The exhaustion people feel isn't from being replaced. It's from the constant piloting required. Every iteration demands judgment. Every output needs evaluation. Every session becomes a dance of guidance and correction. You're not doing less work - you're doing different work. Higher leverage, but requiring constant attention.
This is why senior developers adapted fastest to traditional workflows while juniors invented entirely new ones. Seniors navigate with existing quality maps. Juniors are building different maps altogether - spec-driven development, vibe-coding communities, using AI as a tutor to accelerate learning. The exoskeleton amplifies what you have, but it also helps you build what you don't have yet. This isn't rigid machinery - it's software that shapeshifts to your needs.
For some tasks, this amplification is transformative. You can build systems you couldn't conceive alone. Write at scales you couldn't sustain. Create things that would have taken weeks in hours. The exoskeleton lets you punch far above your weight class.

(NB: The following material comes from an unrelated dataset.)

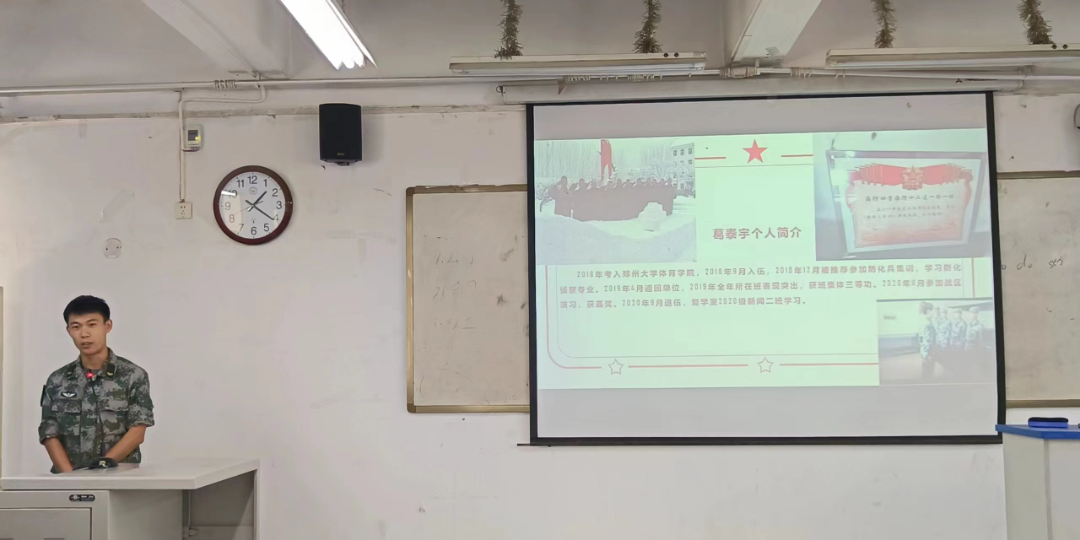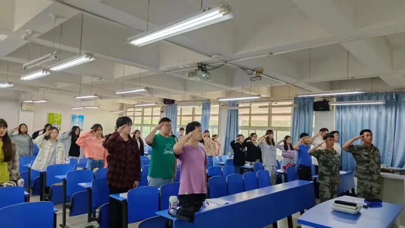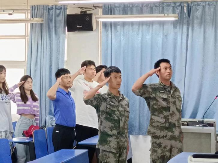 会议后半程,王龙老师分别请我系退伍军人葛泰宇同学和赵家祥同学向参与培训的同学分享他们军队的生活日常以及军旅感悟,在军队种菜、出海、出境……这些都无不让同学们向往和敬仰。最后在赵家祥同学的讲解和带领下, 参与培训的同学向所有为国奉献的人民子弟兵敬礼以表敬畏和赞美。

But you never know if that transformation is two iterations away or two hundred. Sometimes you get lucky and start near excellence. Sometimes you're grinding for hours just to escape mediocrity. The exhaustion is real. The power is real. The constraint is permanent.
We're all exoskeleton pilots now. The question isn't whether AI will replace you. It's whether you're willing to do the work of navigation.
So understanding this means knowing when iteration is worth it.
For production code, for work that matters, for anything where the difference between mediocre and excellent counts - the grinding is worth it. You can build systems you couldn't conceive alone, solve problems that were previously intractable, create at scales you couldn't sustain. It might take an unknown number of iterations, but the outcome justifies the exhaustion.
For internal emails, meeting notes, first drafts? Maybe slop is fine. Maybe a couple of iterations to mediocre. Save your energy for where quality matters.
The mistake is treating all tasks the same - using AI for everything or nothing. The skill is recognising which tasks deserve the grinding and which can live with "good enough."
GPT-5 won't eliminate the constraint. GPT-N won't eliminate it. Scaling helps - bigger models start closer to good outputs more often - but they still can't see the destination. They're still mapless travellers. You can make the salesman faster, give him better shoes, but he still can't see the map.
Multiple agents won't fix it either. Multiple mapless navigators are still mapless. They're just bumping into each other in the dark.
So here's your decoder ring for the AI age:
Will it require iteration? Yes. How many? You can't know until you start walking.
Is it worth the effort? Depends on what you're building.
When should you grind? When excellence matters. When you need something you couldn't create alone.
When should you accept slop? When "good enough" is actually good enough.
The future isn't AI replacing programmers. It's programmers becoming navigation coaches, guiding systems that can walk but cannot see. Every time you fire up ChatGPT, you're hiring a mapless traveling salesman. Whether you guide them to excellence or accept their first guess depends on what you're trying to build.
We're in the age of mandatory iteration. The age of cognitive exoskeletons. The age where humans aren't replaced but transformed into pilots of immensely powerful, fundamentally limited systems.
At least now you know why. And knowing why changes everything about how you navigate.
Welcome to the age where nothing works on the first try.